═════ DATA BLOCK

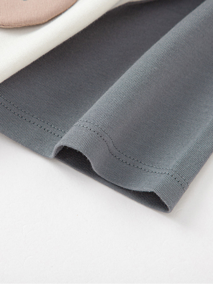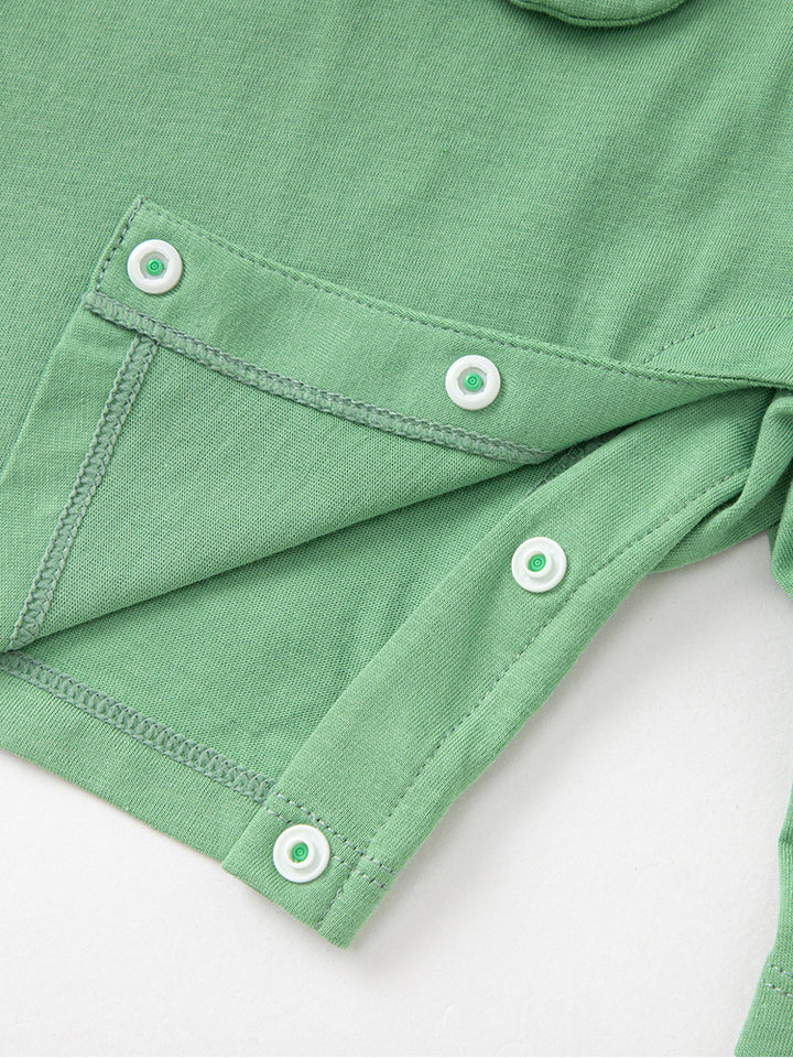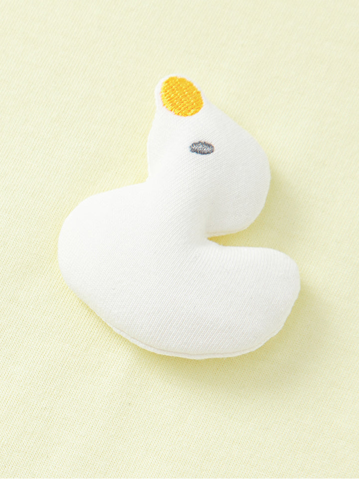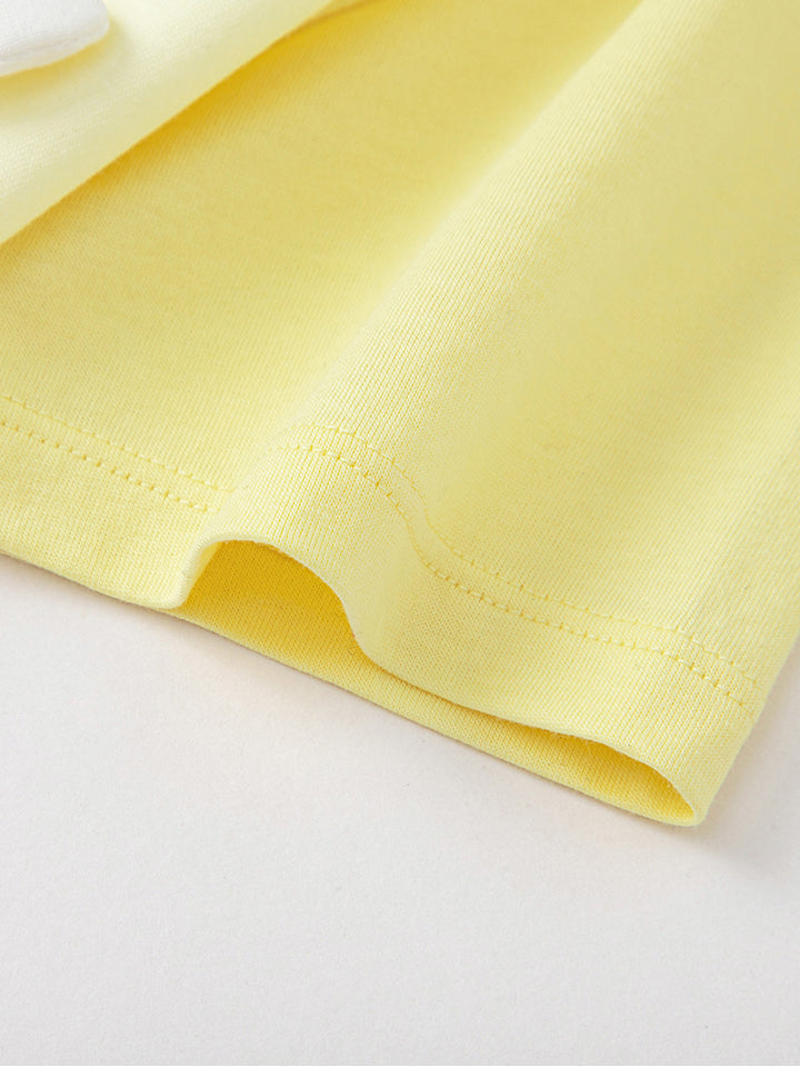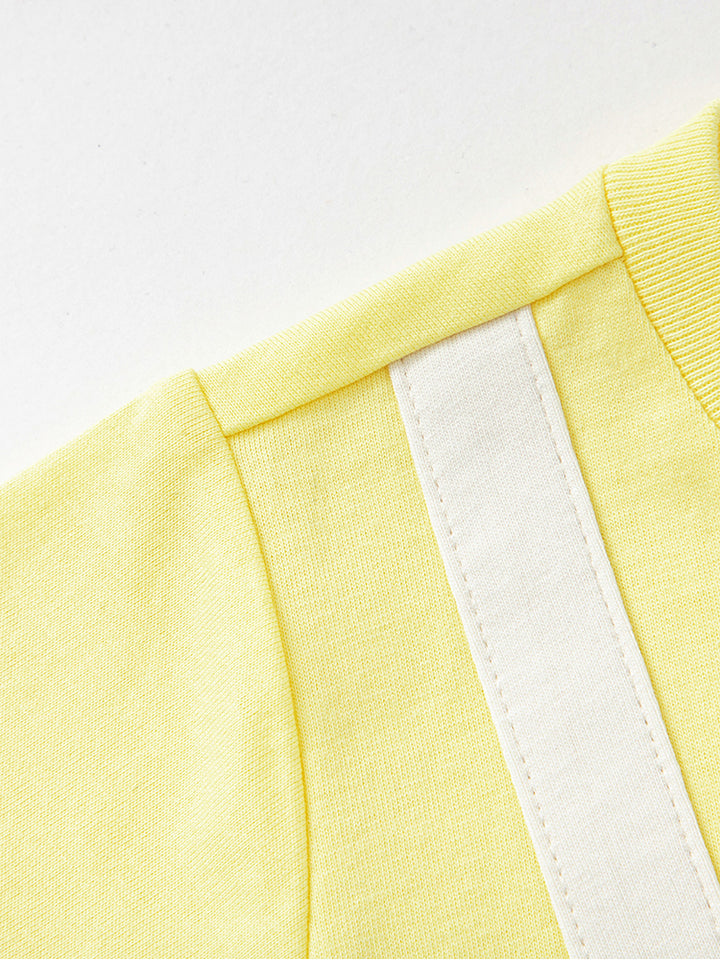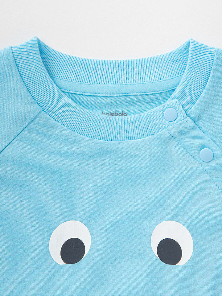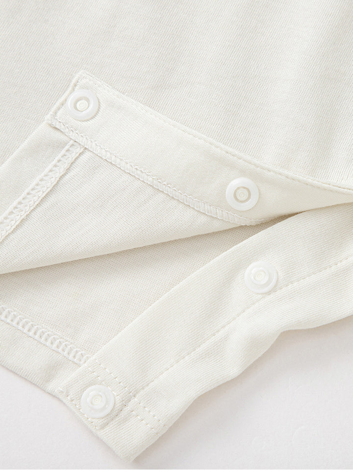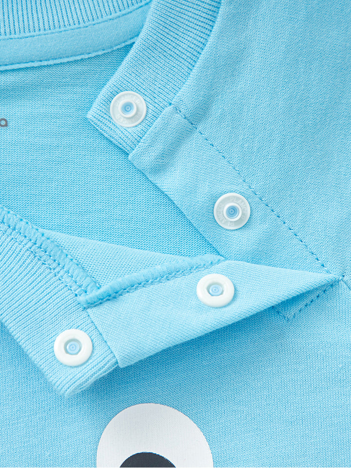 short sleeves bodysuit decorated with striped details on upper side and fun design on the front side, comes with bottom buttons and a rounded shape neckline
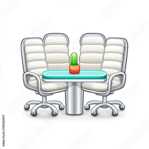 © Lalada, Naklejka premium Modern Minimalist Meeting Room with Off White Chairs and Glass Top Table
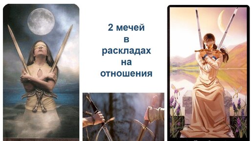 Здравствуйте! В большинстве колод на аркане 2 мечей изображена сидящая спиной к воде женщина с завязанными глазами, которая скрестила перед собой два меча, символизирующих собой два выбора, два противоположных мнения. Закрытая поза говорит о поиске правильного решения с помощью беспристрастной, очищенной от лишних эмоций, оценки ситуации. Женщина намеренно отвернулась от чувственной сферы (вода и луна) или, по крайней мере, подавила свои чувства на то время, пока находится в состоянии выбора. Что...

══════════

HOW TO COMPLETE THIS TASK :: The material above must be reproduced line for line, with the images omitted.

TASK ANSWER ::
 short sleeves bodysuit decorated with striped details on upper side and fun design on the front side, comes with bottom buttons and a rounded shape neckline
 © Lalada, Naklejka premium Modern Minimalist Meeting Room with Off White Chairs and Glass Top Table
 Здравствуйте! В большинстве колод на аркане 2 мечей изображена сидящая спиной к воде женщина с завязанными глазами, которая скрестила перед собой два меча, символизирующих собой два выбора, два противоположных мнения. Закрытая поза говорит о поиске правильного решения с помощью беспристрастной, очищенной от лишних эмоций, оценки ситуации. Женщина намеренно отвернулась от чувственной сферы (вода и луна) или, по крайней мере, подавила свои чувства на то время, пока находится в состоянии выбора. Что...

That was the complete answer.